More than 400 Vale fans travelled down to witness a 2–0 victory against league leaders Plymouth Argyle on the Friday night of 2 December, with James Wilson being credited for both goals on the club website despite Tom Conlon initially being credited by news outlets for the opening goal of the game. Vale's three-match winning run came to an end with a 1–0 defeat at Bristol Rovers, where Aaron Collins won the match on 87 minutes. They beat Morecambe 1–0 at home in the boxing day fixture, with Gavin Massey scoring the only goal of the game with a "fantastic long-range strike" on 41 minutes. The year ended with a 2–0 defeat at Sheffield Wednesday, with Michael Smith scoring a first-half penalty and a curved strike from outside the box in the second half; the away support of 3,139 was the Vale's largest league away following since February 2002.

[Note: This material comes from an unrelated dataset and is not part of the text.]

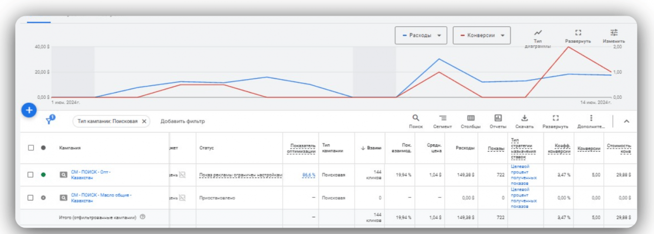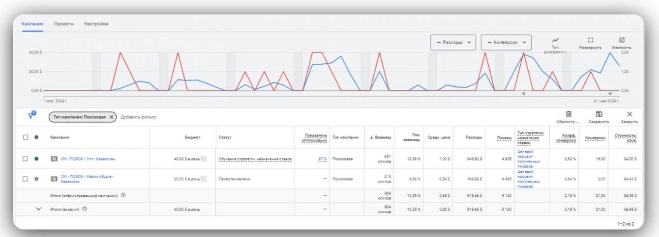 Рекламную кампанию по общим запросам после теста выключили, так как получался слишком высокий CPA. По оптовой кампании стоимость лидов на приемлемом уровне, конверсия сайта составляла 2,9%

The new year began with a 3–1 comeback victory at Forest Green Rovers, as late goals from Mipo Odubeko, Ellis Harrison and Dennis Politic secured three points after Vale spent 84 minutes of the match a goal down. The first piece of January transfer window business was a departure, as Connor Hall was sold to Colchester United as he required a club closer to his Cambridgeshire home. Also leaving was central midfielder Brad Walker, who was sold on to Tranmere Rovers for an undisclosed fee. Sky Sports moved the home with game with Peterborough United to a freezing cold Monday night on 16 January, where a second-half brace from Ephron Mason-Clark secured an away victory for newly-appointed opposition manager Darren Ferguson. The following day, Harry Charsley's departure to League Two side Newport County was confirmed; similarly to Walker, he had struggled for gametime in central midfield. The first arrival of the window was 19-year old left-back Aaron Donnelly, who joined on loan from Nottingham Forest on 23 January. He was an unused substitute as the Vale were beaten 2–1 at home by Derby County the following day, where a goal from Ojo early in the second-half goal seemed to have won all three points for the Valiants, only for Derby to turn the game around with two goals in the space of two minutes starting with David McGoldrick's strike with just three minutes left of the ninety to play. Donnelly instead made his debut in a goalless draw at Cheltenham Town. On transfer deadline day, Tommy McDermott and James Plant were loaned out to Salisbury, whilst prolific 32-year old striker Matty Taylor joined on loan from Oxford United.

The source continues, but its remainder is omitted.